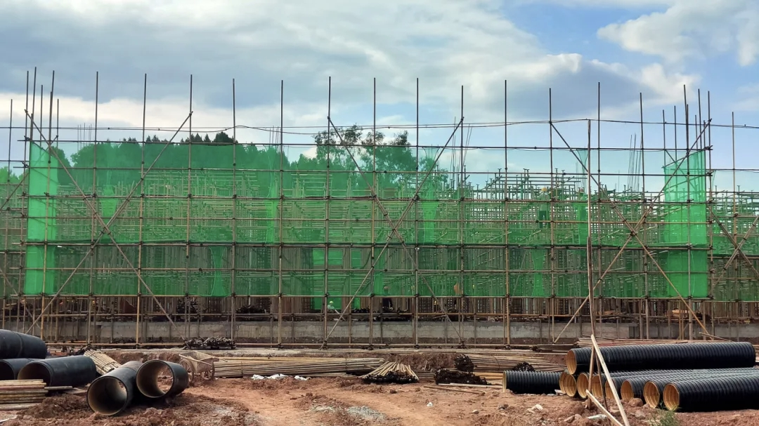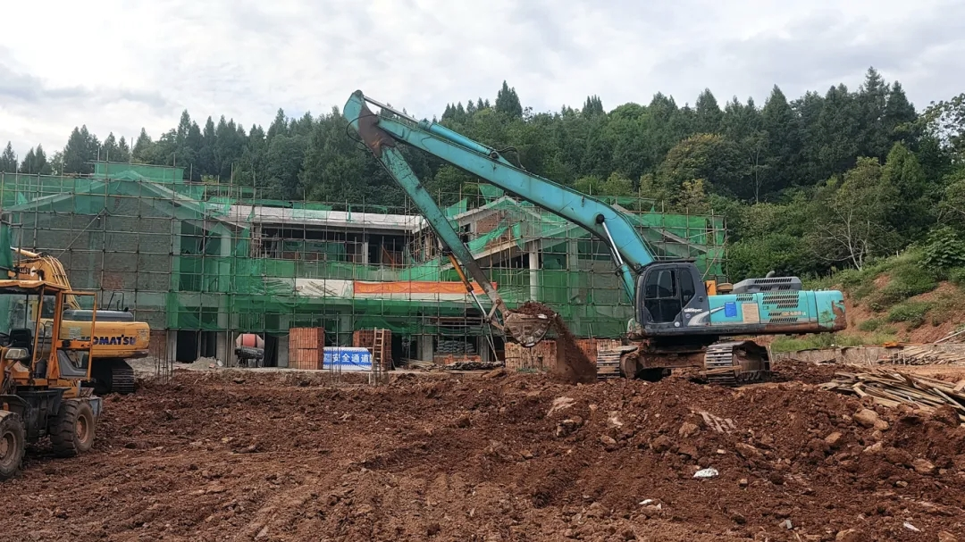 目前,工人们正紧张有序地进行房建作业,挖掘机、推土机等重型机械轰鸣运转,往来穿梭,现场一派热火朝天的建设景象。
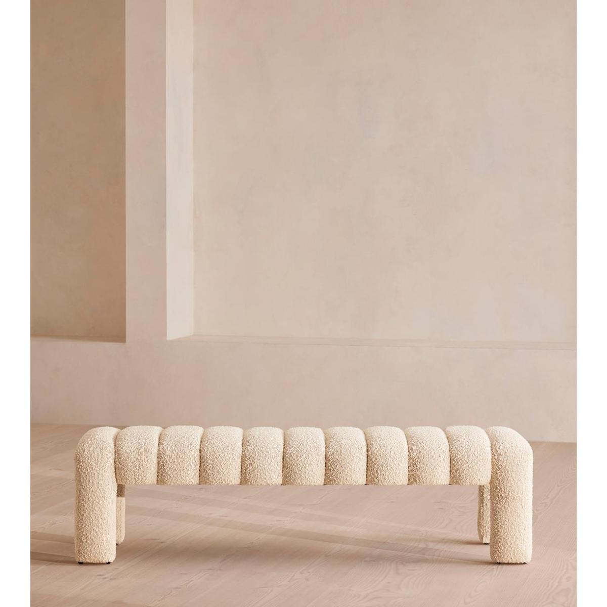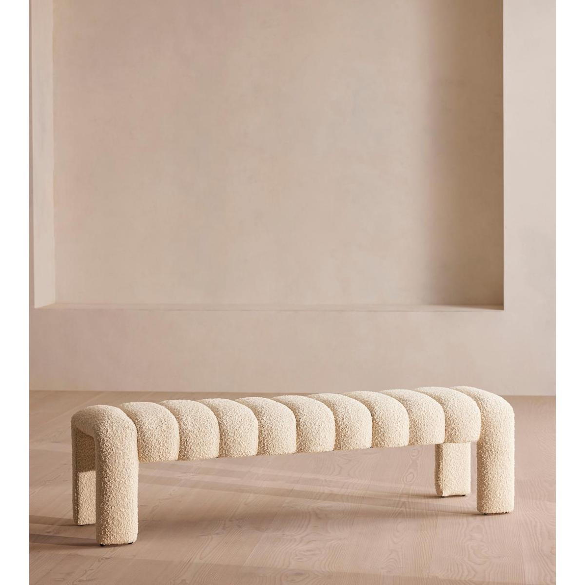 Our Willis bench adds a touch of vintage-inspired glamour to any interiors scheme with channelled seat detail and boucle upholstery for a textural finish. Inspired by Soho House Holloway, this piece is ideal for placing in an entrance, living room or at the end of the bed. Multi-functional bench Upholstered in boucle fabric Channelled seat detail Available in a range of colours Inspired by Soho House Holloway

--

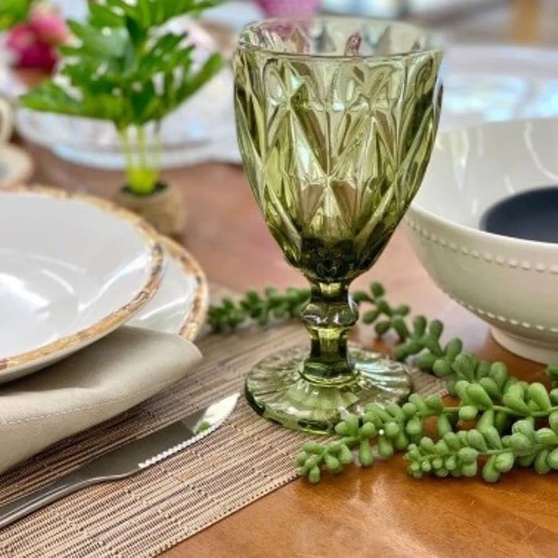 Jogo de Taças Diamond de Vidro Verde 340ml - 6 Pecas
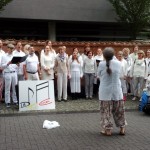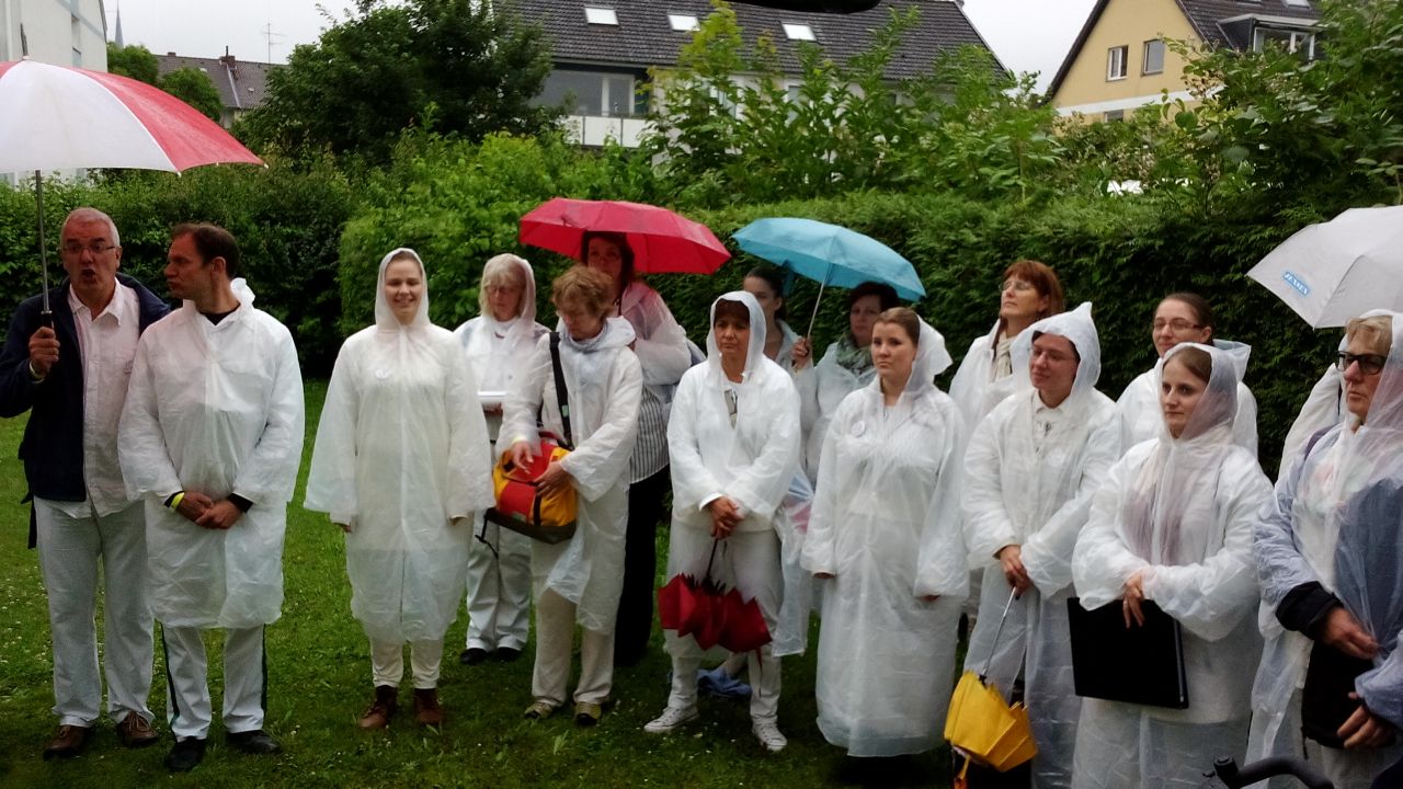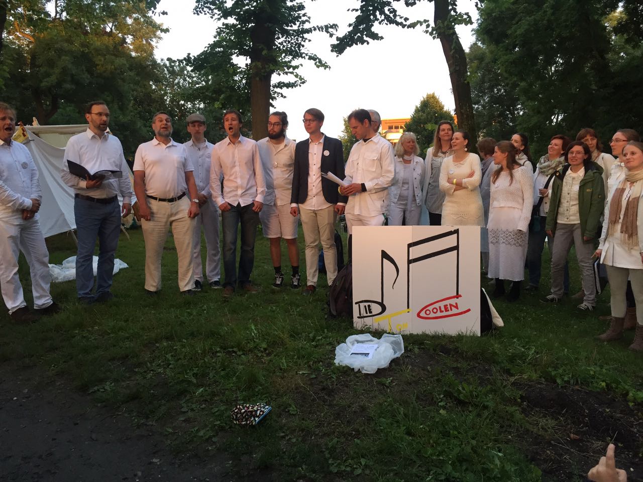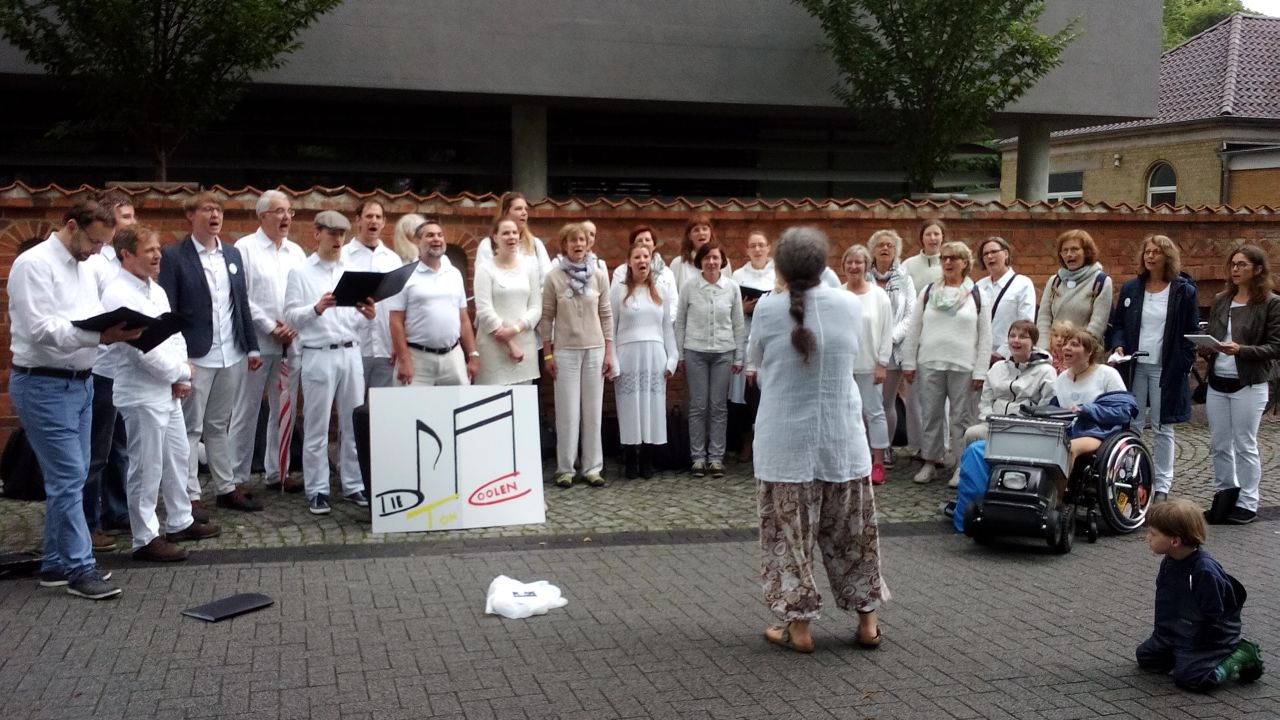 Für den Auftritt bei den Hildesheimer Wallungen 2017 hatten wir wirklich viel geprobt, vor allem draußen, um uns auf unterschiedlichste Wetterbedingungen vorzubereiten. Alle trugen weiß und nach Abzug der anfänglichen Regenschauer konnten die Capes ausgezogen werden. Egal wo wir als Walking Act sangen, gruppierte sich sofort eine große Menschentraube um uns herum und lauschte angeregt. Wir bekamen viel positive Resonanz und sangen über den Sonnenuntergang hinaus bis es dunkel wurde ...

* * *

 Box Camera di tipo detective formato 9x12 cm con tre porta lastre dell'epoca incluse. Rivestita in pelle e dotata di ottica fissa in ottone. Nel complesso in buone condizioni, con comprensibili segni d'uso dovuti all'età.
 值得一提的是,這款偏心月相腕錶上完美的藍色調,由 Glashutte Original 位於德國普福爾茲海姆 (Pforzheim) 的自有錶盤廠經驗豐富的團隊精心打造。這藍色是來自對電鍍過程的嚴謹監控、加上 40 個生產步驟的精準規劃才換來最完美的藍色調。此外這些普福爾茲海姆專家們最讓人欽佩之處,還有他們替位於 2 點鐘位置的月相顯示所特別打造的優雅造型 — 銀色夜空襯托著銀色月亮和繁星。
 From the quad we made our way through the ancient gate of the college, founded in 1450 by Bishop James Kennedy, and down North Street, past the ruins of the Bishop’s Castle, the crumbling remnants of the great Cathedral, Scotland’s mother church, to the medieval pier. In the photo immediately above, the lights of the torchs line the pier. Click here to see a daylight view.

**WHAT NEEDS TO BE DONE:**
Give again the lines of the listing above that run from the one with "目前,工人们正紧张有序地进行" up to and including the one with "Our Willis bench". Keep them exact and omit the pictures.

**SOLUTION FOR THIS EXERCISE:**
 目前,工人们正紧张有序地进行房建作业,挖掘机、推土机等重型机械轰鸣运转,往来穿梭,现场一派热火朝天的建设景象。
 Our Willis bench adds a touch of vintage-inspired glamour to any interiors scheme with channelled seat detail and boucle upholstery for a textural finish. Inspired by Soho House Holloway, this piece is ideal for placing in an entrance, living room or at the end of the bed. Multi-functional bench Upholstered in boucle fabric Channelled seat detail Available in a range of colours Inspired by Soho House Holloway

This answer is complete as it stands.